Universo BDDd-234
Vampiros
El cumpleaños 666.
BillDip
-¡Bienvenidos al Samhain!, mis demonios y espíritus del más allá- Comenzó a hablar en lo alto mientras sostenía una copa de vino en su mano izquierda. Era una joven de cabellos rubios, delgada y ojos rojizos - Desde que el plano astral nos permitió el paso a esta tierra fértil llena de magia y energía, no hicimos más que fertilizarla y protegerla. Los humanos agradecidos hicieron un pacto con nuestras razas, afinando una era de paz y prosperidad entre nuestras especies. Nosotros hemos protegido sus débiles cuerpo y ellos, a cambio, nos celebran y adoran. - comenzó a narrar en voz alta, con la intención de que los diversos monstruos y entidades espirituales que se encontraban reunidos alrededor de una enorme fogata la escucharán - Desde entonces, año con año, los humanos de esta dimensión nos compensan con sus ofrendas materiales, satisfaciendo nuestra presencia ante el mundo terrenal - Los presentes aludieron de forma enérgica ante el comentario en forma de aprobación - Pero este año es especial. Este año, uno de nuestros demonios favoritos, cumple sus Seiscientos sesenta y seis años de existencia. Aplaudan a nuestro vampiro favorito ¡Bill Cipher!

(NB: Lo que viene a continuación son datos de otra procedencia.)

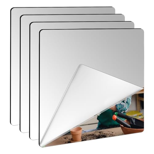Hode 4 Pieces Self Adhesive Mirror Tiles 20X20Cm (2Mm Thick), Acrylic Stick on M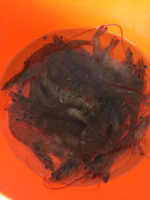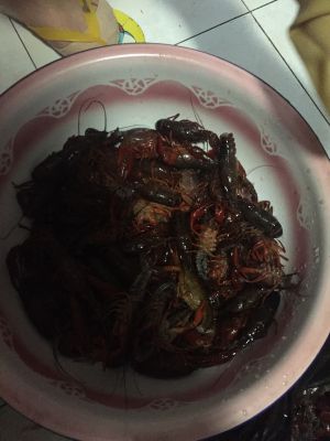 一般两斤多,买回来泡起来,反复清水透几次,放盐,让大虾把脏东西吐完,洗干净,然后把虾尾线去掉,用牙刷给虾子洗净,然后用剪刀把虾头脑部粉剪掉,不会的可以扫描我微信问我,所有工作到位,用淀粉,料酒把你整理好的大虾腌制一会,不需要太久,淀粉不要放多了

La multitud aplaudió y celebro el nombre del demonio nombrado. Entre ellos se abrieron paso, con la intención de que el cumpleañero pasará al frente de todos, justo en el centro, cerca de la fogata.
El demonio alto, rubio, de tez blanquecina y orbes ambarinos, apareció con una sonrisa de oreja a oreja, mostrando sus alargados colmillos. Vestía una túnica blanca con diversas joyerías decorando su cuerpo y saludaba jovialmente a todos los seres que palmeaban su espalda al caminar entre ellos. Todos lo felicitaban con jovialidad.
-Como cada año, los humanos no se hacen menos con el regalo de tu natalicio - Le dijo en un tono juguetón la anfitriona de la fiesta, quien extendió su mano derecha hacia el rubio. Del centro de la palma de la mujer salió una esfera de luz que comenzó a flotar en su mano - Ellos dicen que feliz cumpleaños, Bill Cipher. - La esfera brilló con algo de intensidad. - y también dicen que disfrutes tu regalo.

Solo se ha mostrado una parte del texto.